EXERCISE DIRECTIONS: Without the pictures, output the lines of the material from the very first through the one that holds "最令人期待的品粥環(huán".

SOURCE MATERIAL:
----
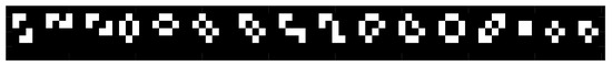 Figure 5 displays the outcome of a search for stationary patterns in the simulation field. We chose a relatively small field to minimize computational demands, as searching for patterns on excessively large fields exerts unnecessary pressure on computational resources and prolongs the simulation. This simple case serves as a demonstration of the search for stationary patterns. Unlike oscillators and mobile structures, stationary structures are insensitive to the introduction of stochasticity into the evolution rules in the implementation described here. Therefore, all three types of rules have common stationary patterns. In future research, it would be interesting to investigate whether certain oscillating or mobile patterns are insensitive to stochasticity, or to investigate those that arise due to stochasticity in the evolution rules and are not present in the original simulation.
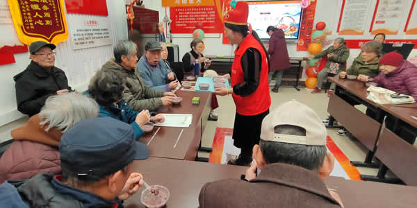 最令人期待的品粥環(huán)節(jié)暖意融融,工作人員早已熬制好香甜軟糯的八寶粥,將一碗碗熱氣騰騰的粥品遞到老人手中。粥香四溢,甜在口中、暖在心頭?!斑@粥太香了,和老伙伴們一起玩游戲、答題、喝粥,比在家熱鬧多了!”78歲的張奶奶笑著說。李爺爺也表示:“這樣的活動(dòng)既有趣又有意義,不僅感受到了節(jié)日氛圍,還拉近了鄰里情誼。”劉老師還現(xiàn)場即興賦詩一首,說出了參加活動(dòng)老人的心聲。最后,社工們還上門給行動(dòng)不便的高齡老人送去了香甜的八寶粥,老人們感動(dòng)不已。
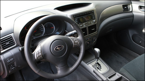 L'accès à bord est facile. On notera une nouveauté du côté de Subaru : des cadres de glaces latérales. Cet ajout donne l'impression d'une solidité accrue quand on ferme les portières, mais augmente les bruits éoliens. Les lignes du tableau de bord plus arrondies, qui se marient au style de la voiture, rehaussent le plaisir d'être à bord. Le conducteur jouit d'un siège réglable en hauteur, d'un volant télescopique de série, même dans la version de base. Les glaces électriques et la climatisation font partie de l'équipement de série ainsi que le régulateur de vitesse.
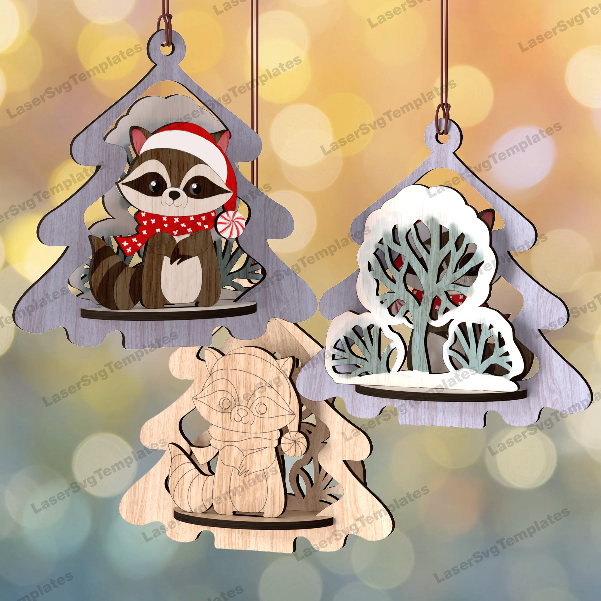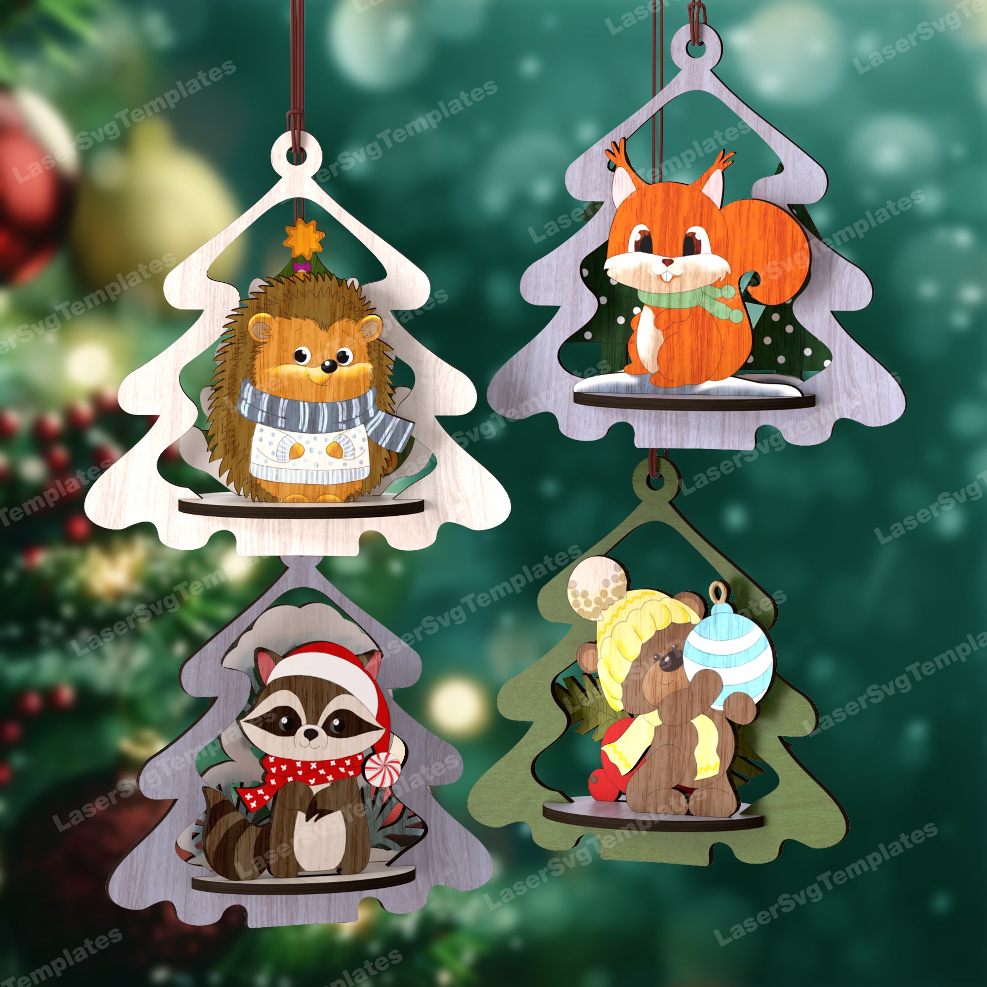 — Laser cut 3D Christmas animals tree ball ornaments svg file
----
RESULT OF THE EXERCISE:
 Figure 5 displays the outcome of a search for stationary patterns in the simulation field. We chose a relatively small field to minimize computational demands, as searching for patterns on excessively large fields exerts unnecessary pressure on computational resources and prolongs the simulation. This simple case serves as a demonstration of the search for stationary patterns. Unlike oscillators and mobile structures, stationary structures are insensitive to the introduction of stochasticity into the evolution rules in the implementation described here. Therefore, all three types of rules have common stationary patterns. In future research, it would be interesting to investigate whether certain oscillating or mobile patterns are insensitive to stochasticity, or to investigate those that arise due to stochasticity in the evolution rules and are not present in the original simulation.
 最令人期待的品粥環(huán)節(jié)暖意融融,工作人員早已熬制好香甜軟糯的八寶粥,將一碗碗熱氣騰騰的粥品遞到老人手中。粥香四溢,甜在口中、暖在心頭?!斑@粥太香了,和老伙伴們一起玩游戲、答題、喝粥,比在家熱鬧多了!”78歲的張奶奶笑著說。李爺爺也表示:“這樣的活動(dòng)既有趣又有意義,不僅感受到了節(jié)日氛圍,還拉近了鄰里情誼。”劉老師還現(xiàn)場即興賦詩一首,說出了參加活動(dòng)老人的心聲。最后,社工們還上門給行動(dòng)不便的高齡老人送去了香甜的八寶粥,老人們感動(dòng)不已。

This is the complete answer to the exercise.